Research carried out in 2007 by United Response amongst the people it supports showed that, despite people with learning disabilities having the same right to vote as everyone else, only 1 in 8 voted in the 2005 General Election.  Through successful campaigning by United Response and other learning disabilities organisations, this increased to 1 in 3 at the 2010 election, but this was still far below the turnout of the general population. 

A recent survey of people with learning disabilities who subscribe to United Response’s award winning accessible news magazine, Easy News, found that 58% of subscribers felt that politics made a difference to their lives.  However, the single most important question asked was, “Are you planning to vote in the 2015 elections?”  A huge 82% of Easy News subscribers said yes they are planning to vote, with a further 14% still unsure. 

The survey also indicated that nearly a third of the respondents want access to easy to understand information about the candidates and their political parties, highlighting a lack of accessible information as a key barrier facing people with learning disabilities when using their vote.

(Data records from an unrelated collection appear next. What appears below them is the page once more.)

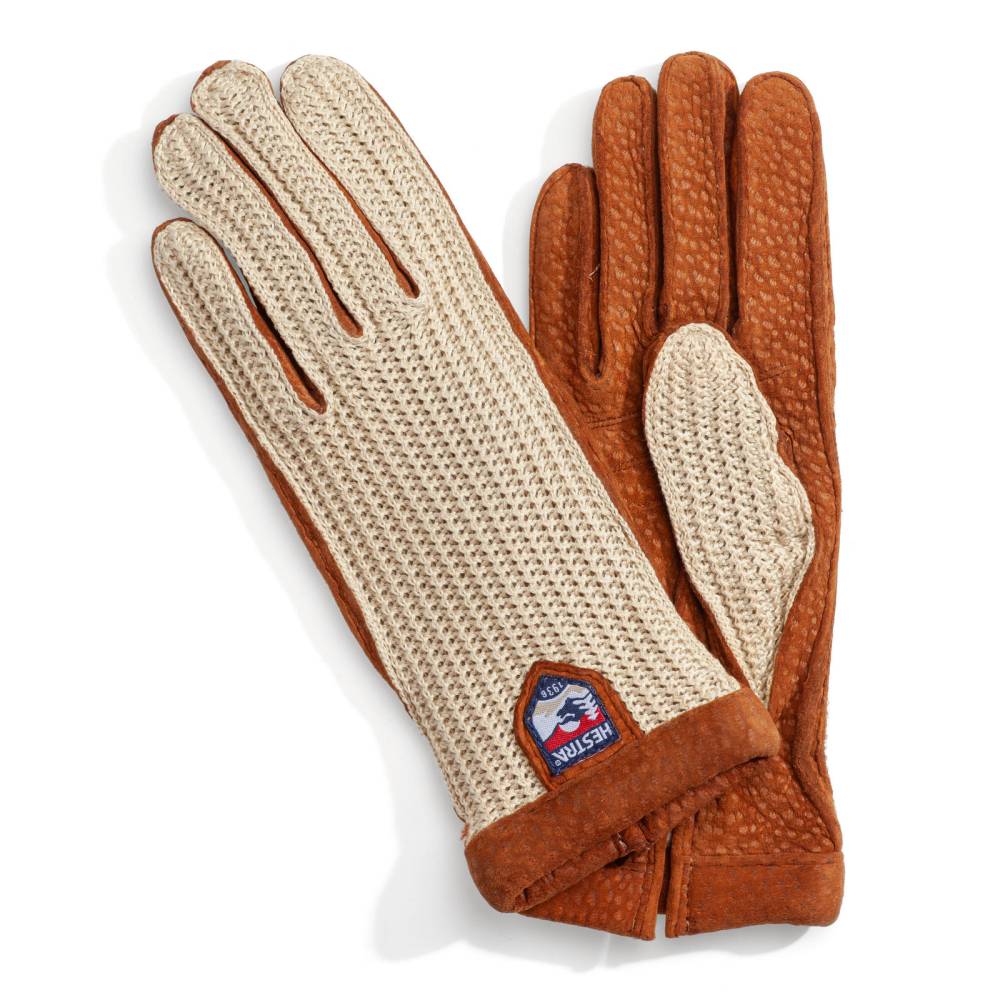 Элегантные женские перчатки от шведского бренда Hestra — это изысканное сочетание редких материалов, ручного мастерства и вневременного стиля. Ладонь выполнена из высококачественной кожи капибары благородного рыже-коричневого цвета. Этот материал ценится за невероятную мягкость и эластичность, позволяющую перчатке плавно повторять каждое движение руки. Тыльная сторона изготовлена из фактурного хлопка, связанного крючком (техника Crochet). Этот элемент придает образу благородный ретро-шарм и обеспечивает отличную терморегуляцию. Внутри предусмотрена тонкая трикотажная подкладка из смеси шерсти и кашемира. Она эффективно согревает руки в холодные дни, оставаясь при этом практически невесомой. Для максимального удобства модель дополнена аккуратной прорезью на запястье, которая значительно облегчает надевание и обеспечивает комфортную посадку. Завершающим штрихом служит лаконичный вышитый логотип бренда.
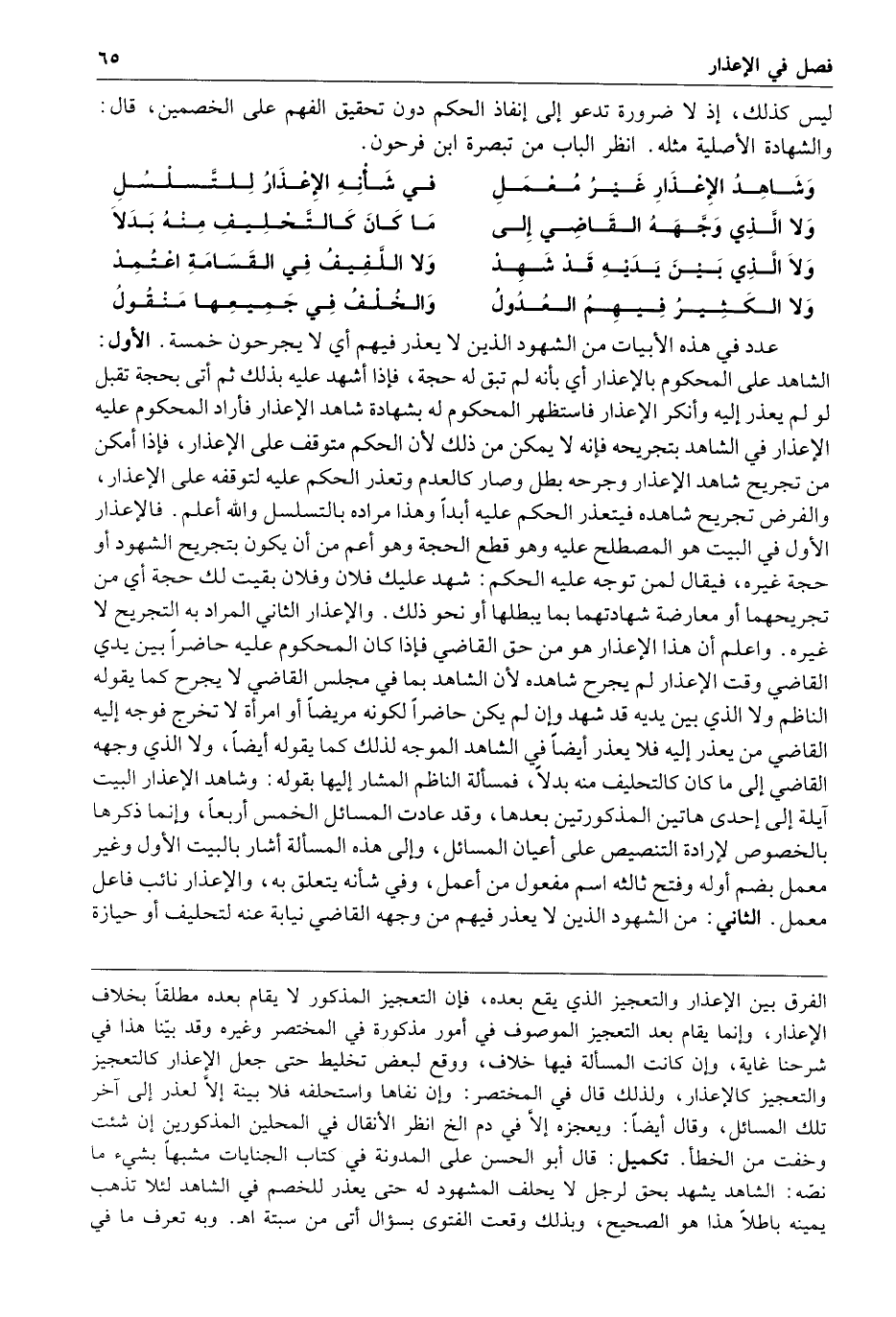 ليس كذلك إذ لا ضرورة تدعو إلى إنفاذ الحكم دون تحقيق الفهم على الخصمين قال والشهادة الأصلية مثله انظر الباب من تبصرة ابن فرحون وشاهد الإعذار غير معمل في شأنه الإعذار للتسلسل ولا الذي وجهه القاضي إلى ما كان كالتحليف منه بدلا ولا الذي بين يديه قد شهد ولا اللفيف في القسامة اعتمد ولا الكثير فيهم العدول والخلف في جميعها منقول عدد في هذه الأبيات من الشهود الذين لا يعذر فيهم أي لا يجرحون خمسة
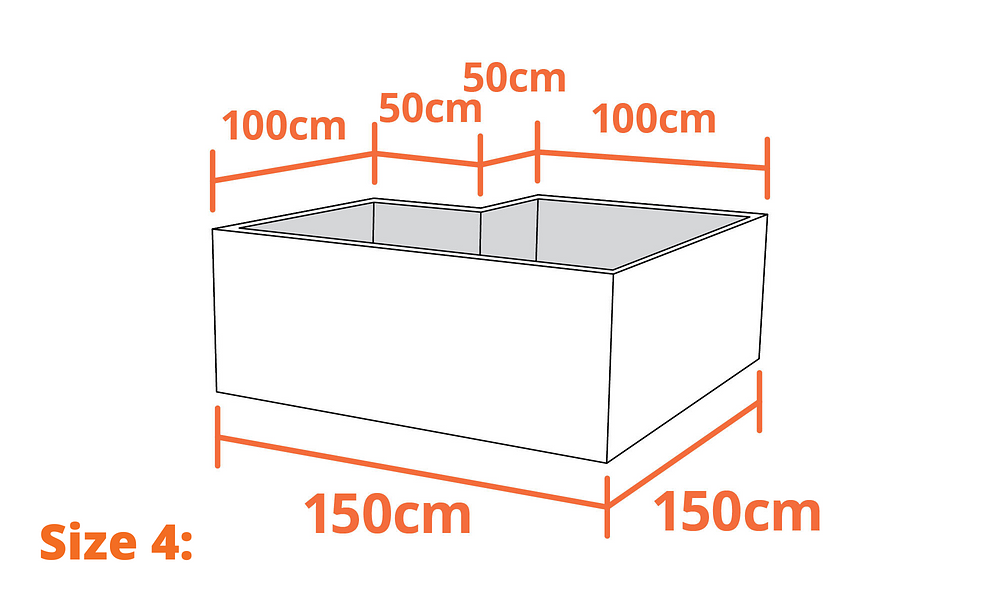 Size 4 Short: 1.5m x 1.5m x 1m x 0.5m x 0.5m x 1m (40cm H) – $449
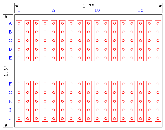 Change to a 1/16 bit. With the boards away from the boxes enlarge the following holes in the board. A15, B15, C15, D15, G15, H15, I15, and J15. Do this to both boards.Change to a 1/8 inch bit and enlarge the two holes at C3 and H3. Also enlarge the hole that is between holes E15 and F15. Do this for both boards.
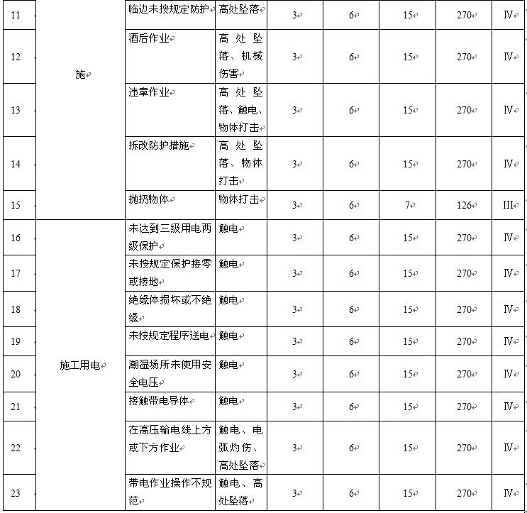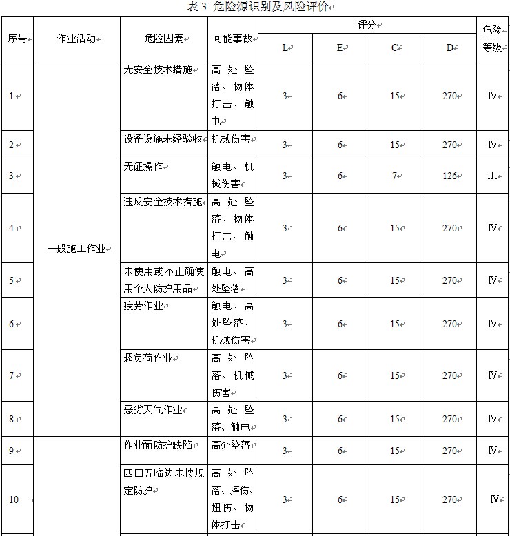 本公司目前在建的主要工程有:重慶直升機(jī)投資有限公司項(xiàng)目(包括總裝廠房、交付中心和教學(xué)大樓),重慶機(jī)床集團(tuán)搬遷項(xiàng)目(包括廠房、科技大樓、倒班宿舍)。公司針對兩個(gè)施工現(xiàn)場特點(diǎn)進(jìn)行分析,制訂了危險(xiǎn)源識(shí)別及風(fēng)險(xiǎn)評(píng)價(jià)表,部分內(nèi)容如表3。

Every Vote Counts starts the process of removing that barrier; United Response has taken over 40 years’ experience of supporting people with disabilities and produced a brand new set of easy read resources and accompanying website that make politics and voting easy to understand, as well as explaining how politics affects all our daily lives.

Take a look at the Every Vote Counts website

The new Every Vote Counts website also has a dedicated section which explains how MPs and their parties can make information accessible to constituents with learning disabilities.

Shan Nicholas, United Response Interim Chief Executive, said ahead of the launch,

“By launching our Every Vote Counts campaign in the heart of Westminster, we are starting the process of ensuring that, not only the people we support but the wider population of 1.5 million people with learning disabilities, achieve voting parity in the forthcoming General Election.  We know that people with learning disabilities want to vote; by providing easy ready materials MPs can ensure that they really do engage with this important, but too often neglected, group of constituents.”

“United Response calls upon all political parties to remove the barriers for people with learning disabilities to engage in the debate by producing accessible manifestos and candidate profiles."